PROBLEM REQUIREMENTS →
Below, find the line containing "为深入学习贯彻习近平总书记关" and the line containing "University of Georgia, Julian"; reproduce exactly those two and every line between them, omitting pictures.

Content starts

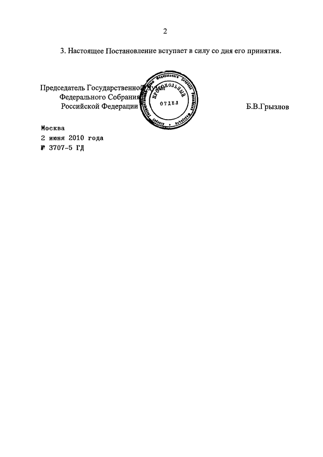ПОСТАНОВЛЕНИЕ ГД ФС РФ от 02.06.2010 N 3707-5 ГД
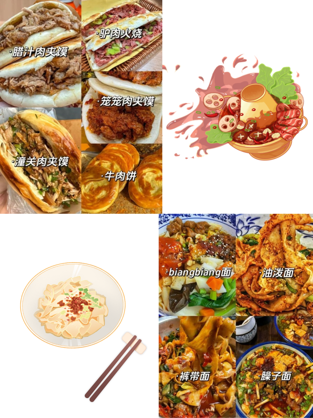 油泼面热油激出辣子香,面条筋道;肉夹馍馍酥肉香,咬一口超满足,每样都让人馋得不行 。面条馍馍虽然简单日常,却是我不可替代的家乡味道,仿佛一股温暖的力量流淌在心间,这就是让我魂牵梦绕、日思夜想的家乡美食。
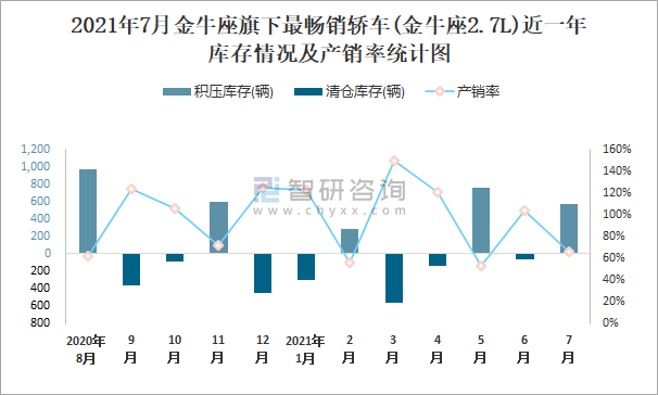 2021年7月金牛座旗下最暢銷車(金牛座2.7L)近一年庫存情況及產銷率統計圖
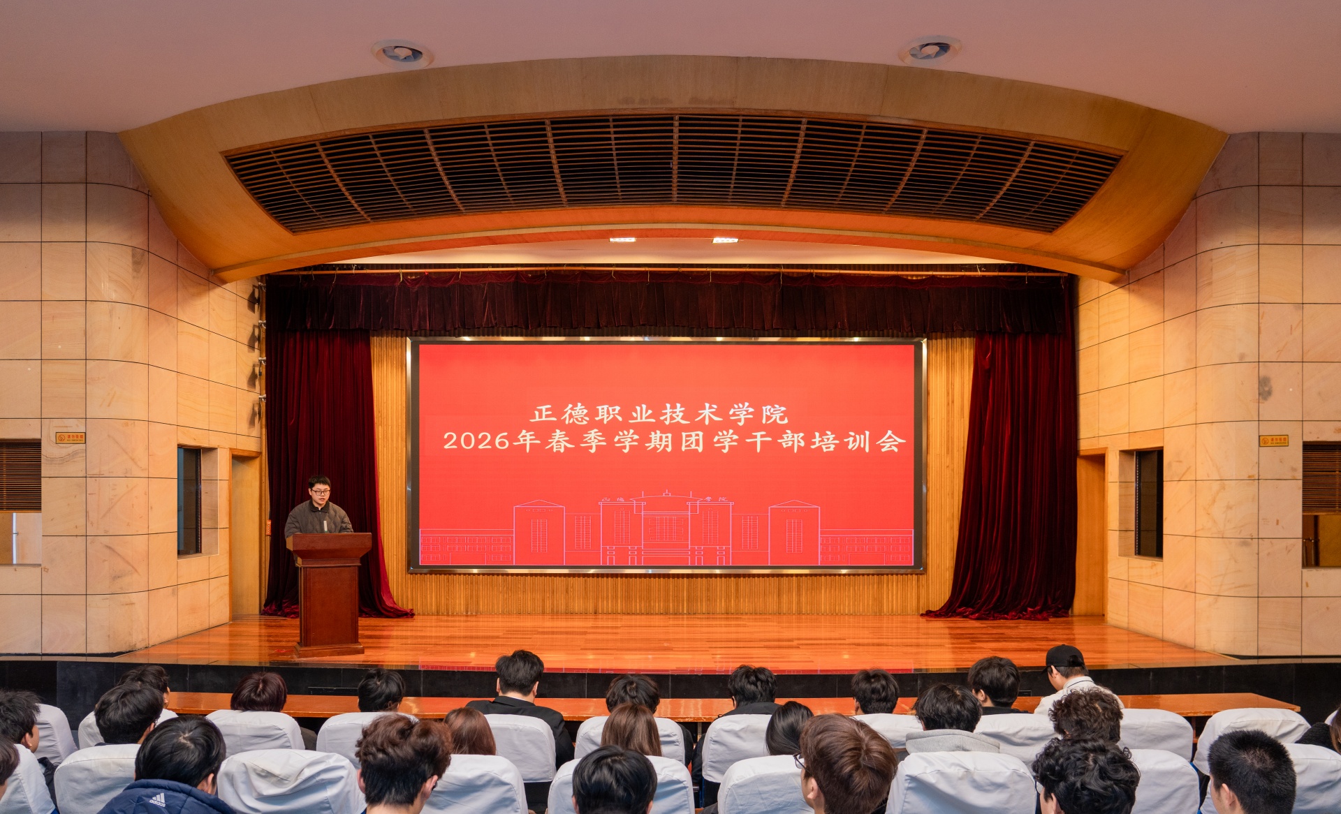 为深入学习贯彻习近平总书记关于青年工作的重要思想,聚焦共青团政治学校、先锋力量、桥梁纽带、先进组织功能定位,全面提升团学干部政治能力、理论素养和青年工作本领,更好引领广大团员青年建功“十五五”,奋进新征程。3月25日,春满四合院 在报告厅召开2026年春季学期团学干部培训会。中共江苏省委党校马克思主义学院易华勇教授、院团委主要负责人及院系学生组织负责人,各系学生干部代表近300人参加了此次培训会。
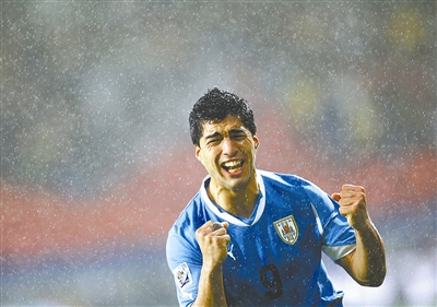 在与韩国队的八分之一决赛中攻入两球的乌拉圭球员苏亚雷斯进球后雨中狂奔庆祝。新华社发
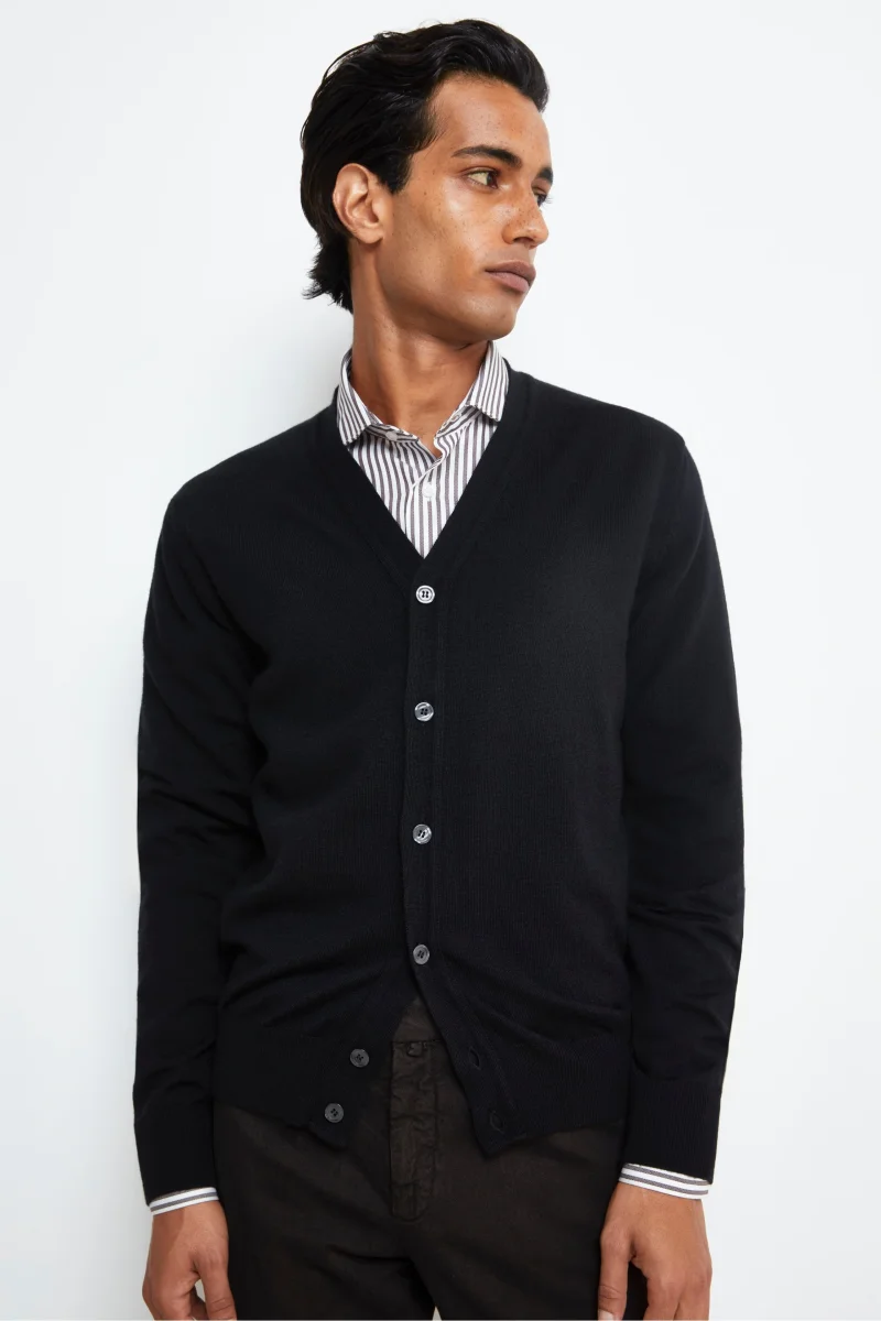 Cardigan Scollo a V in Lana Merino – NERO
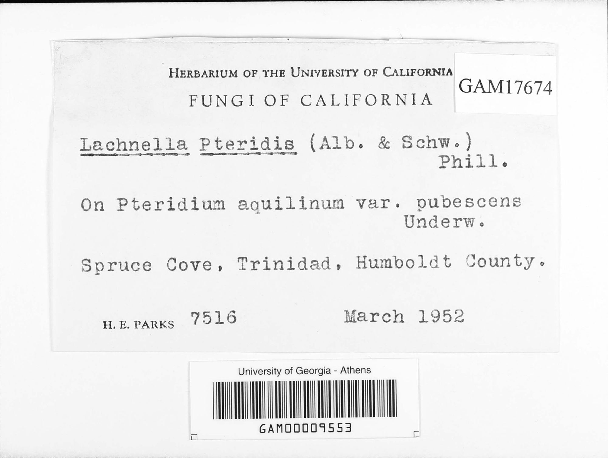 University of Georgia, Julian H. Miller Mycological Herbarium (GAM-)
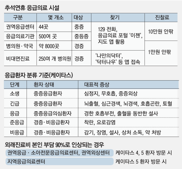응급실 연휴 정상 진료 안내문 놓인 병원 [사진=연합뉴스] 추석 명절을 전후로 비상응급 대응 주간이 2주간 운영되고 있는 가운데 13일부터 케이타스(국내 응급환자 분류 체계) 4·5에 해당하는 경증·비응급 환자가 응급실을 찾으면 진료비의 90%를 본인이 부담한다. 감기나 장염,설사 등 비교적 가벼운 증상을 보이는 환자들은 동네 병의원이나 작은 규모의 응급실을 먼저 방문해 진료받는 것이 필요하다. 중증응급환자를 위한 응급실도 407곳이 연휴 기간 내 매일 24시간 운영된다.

Content ends

FINISHED EXERCISE →
 为深入学习贯彻习近平总书记关于青年工作的重要思想,聚焦共青团政治学校、先锋力量、桥梁纽带、先进组织功能定位,全面提升团学干部政治能力、理论素养和青年工作本领,更好引领广大团员青年建功“十五五”,奋进新征程。3月25日,春满四合院 在报告厅召开2026年春季学期团学干部培训会。中共江苏省委党校马克思主义学院易华勇教授、院团委主要负责人及院系学生组织负责人,各系学生干部代表近300人参加了此次培训会。
 在与韩国队的八分之一决赛中攻入两球的乌拉圭球员苏亚雷斯进球后雨中狂奔庆祝。新华社发
 Cardigan Scollo a V in Lana Merino – NERO
 University of Georgia, Julian H. Miller Mycological Herbarium (GAM-)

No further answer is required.